Winter can bring the doldrums even to our horses.

In their natural environment, the air gets colder, the ground gets harder, food gets scarcer and predators get hungrier. Like us, sometimes they just don’t have the same ”spring” in their step.

For humans living in many areas, the winter months can often bring “cabin fever.” Little or no riding, frozen ground, house bound from snow and ice, short days and long cold nights. We worry about falling out of shape or losing some of the wonderful progress we made with our horse during the summer. Sometimes we feel frustrated or sorry for ourselves.

What if we stop thinking about ourselves and think about our horse. Is he feeling sorry for himself because we’re not riding him? Is he worried that he might lose his edge performing piaffes or flying lead changes? Probably not. Do I think of my horse only when I think about riding him? Is my relationship with my horse just physical? What might my horse miss in the winter months?

Natural horsemanship reminds me to look at every situation as if I were a horse.

If I’m a domestic horse and I’m boarded at a good size stable with other horses, chances are I won’t be turned out as much as I would want. If there’s snow and ice, sometimes I won’t be turned out at all. If my human partner isn’t coming to be with me because he can’t ride me, if I’m spending day after day in my stall waiting for snow and ice to melt; chances are, just like my human partner, I’m going to acquire some “cabin fever” of my own.

Horses, like humans, are all different. One horse may be able to tolerate being in his stall for long periods without interacting with another creature or being turned out. Another horse might become a little colicky or start cribbing. What kind of personality does my horse have and what does he need?

What’s important is for me to be the leader in our herd of two. To protect, care for, and show up for my partner, whether I’m on his back or he’s in the barn. Natural Horsemanship is about a complete relationship with my horse: physical, mental, emotional, and spiritual. Not being able to work on the riding part of our relationship doesn’t mean I have to stop improving the mental and emotional part of our relationship.

If I can’t ride, I can still visit. I can groom or walk him around in places that are safe. I can find and scratch his favorite spots. I can practice gentling exercises, getting him to bend and bring his head around toward his belly. I can play trust games like slowly asking him to bend and smell his tail without becoming upset. Or I can take a bucket, turn it upside down, sit and just be with him.

We’re the ones who invited our horses into the human world of barns, stalls, and schedules. We’re the ones who he looks to for comfort, support, and friendship. In building human relationships people sometimes wonder, “do they love me for me, or is it my car or my money, etc.”

When my horse sees me I want him to think, ‘Great! Here’s my partner. I’m always happy to see her. She brings positive things into my life.

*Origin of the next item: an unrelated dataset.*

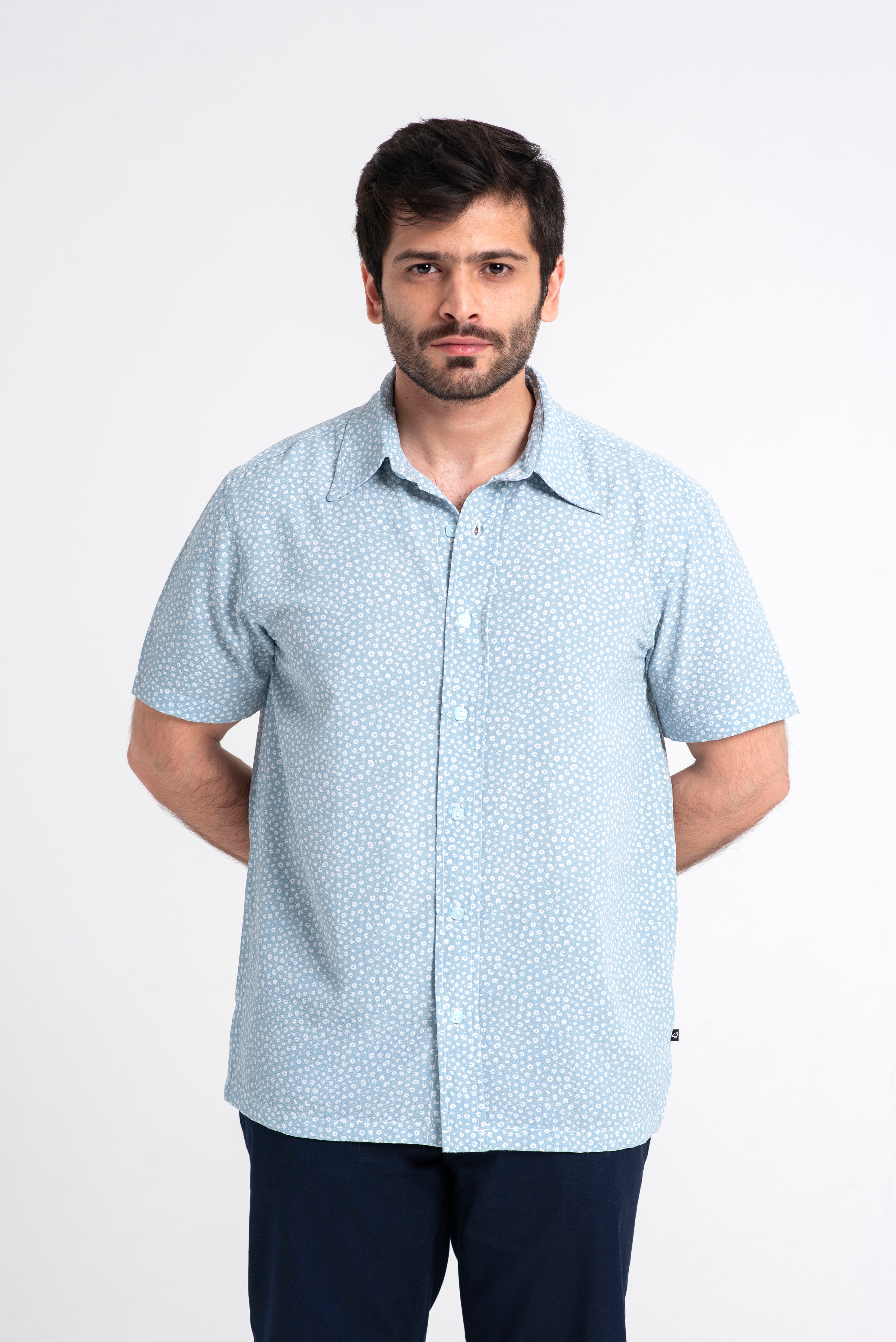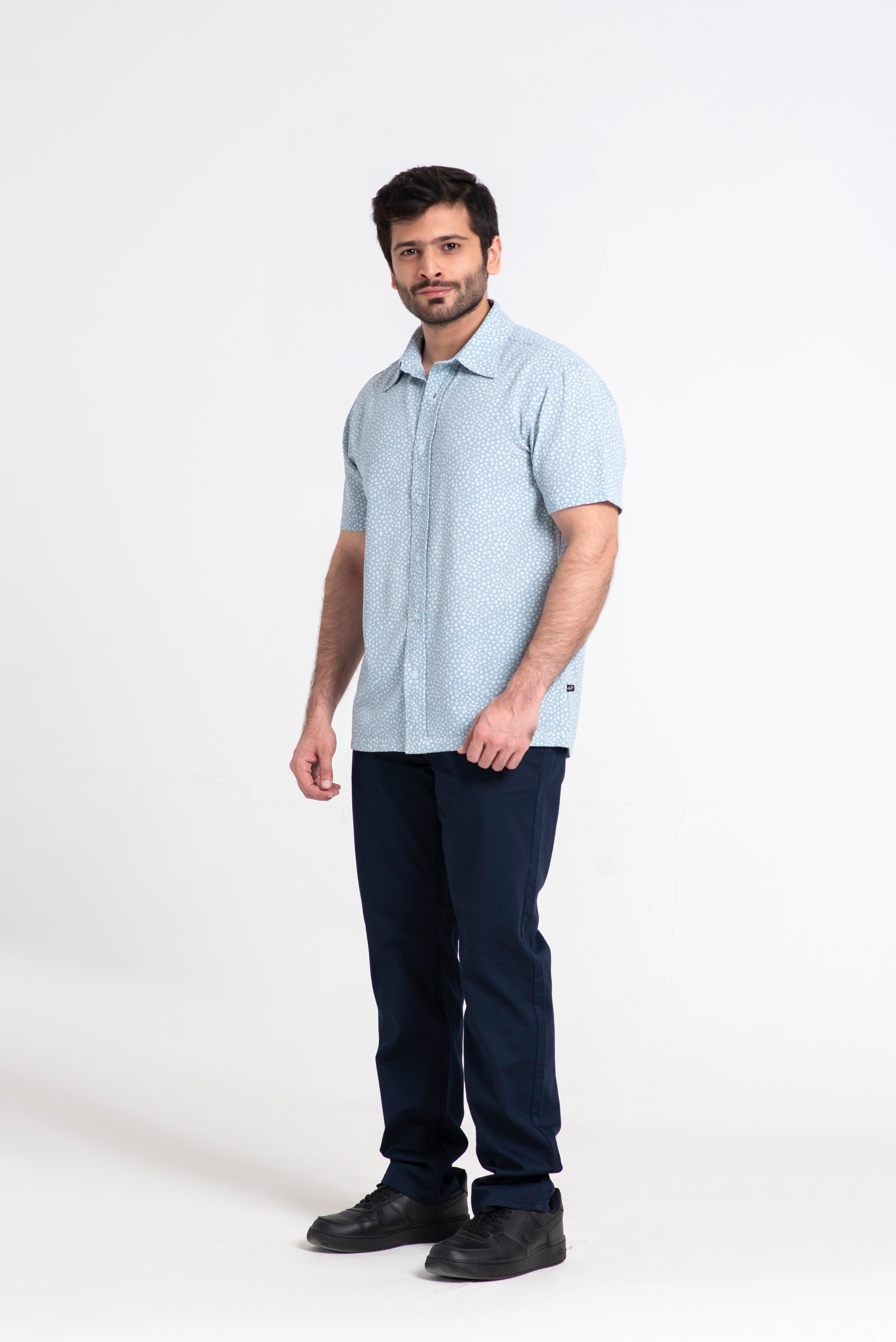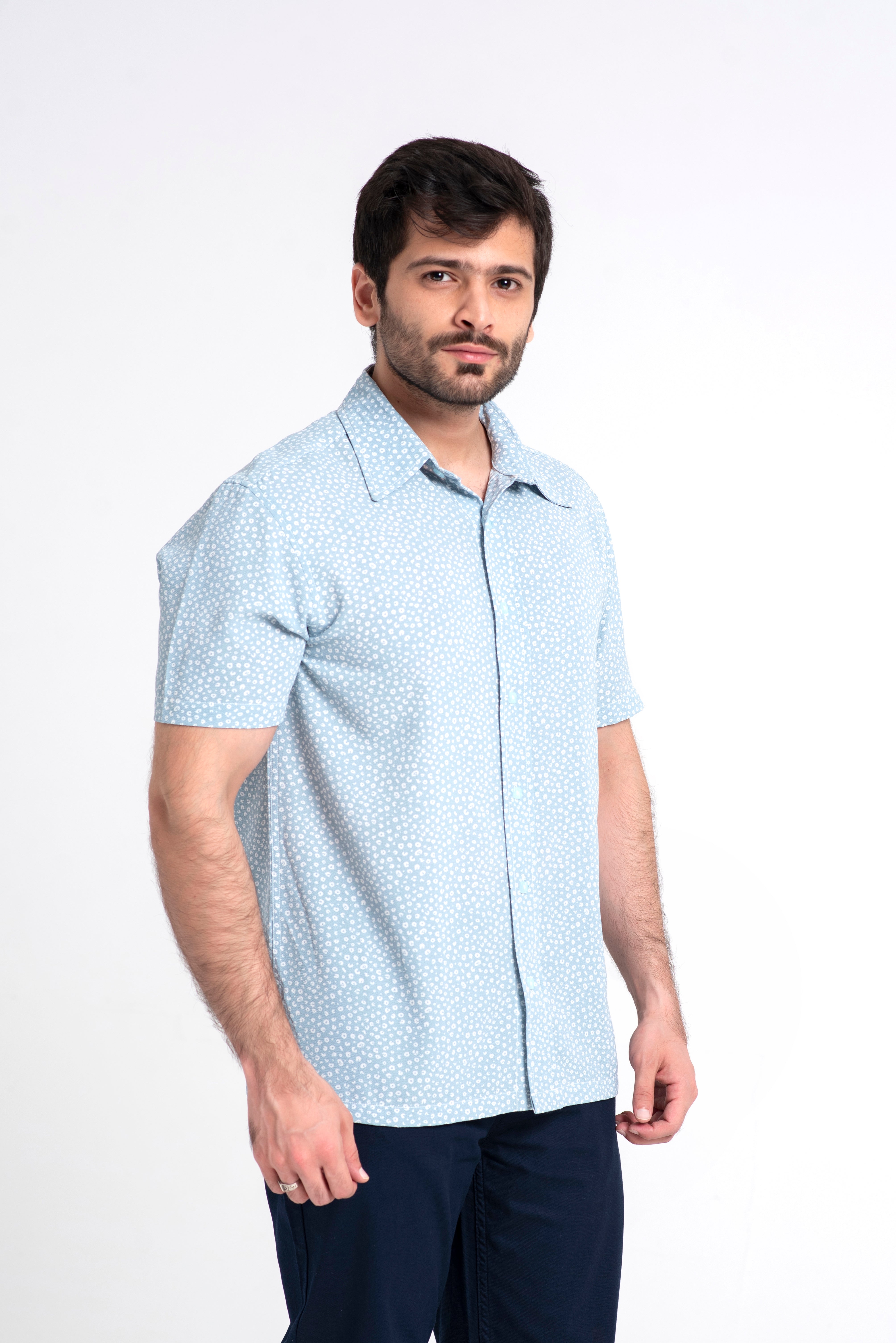 Description: Make a subtle statement with this blue printed shirt, featuring a clean dotted pattern that adds character without overpowering. Crafted from soft, breathable fabric, it's perfect for both casual and smart occasions.

Companionship, affection, exercise, a treat, a back rub and, sometimes, when it’s not so cold, we go riding or play sports.’

I don’t want my horse to see me and think it’s work time because that’s what we do every time I come to visit.

To spend 20 or 30 minutes, three, four, or five times a week connecting with our horse mentally and emotionally is enormously meaningful to him. It can also be relaxing and fun for us. It builds the love, trust, and respect necessary to have a true partnership with our horse (which includes riding). It also helps horses and humans get through the winter together.

Love is what you give your time to. Children know this. Horses know it too.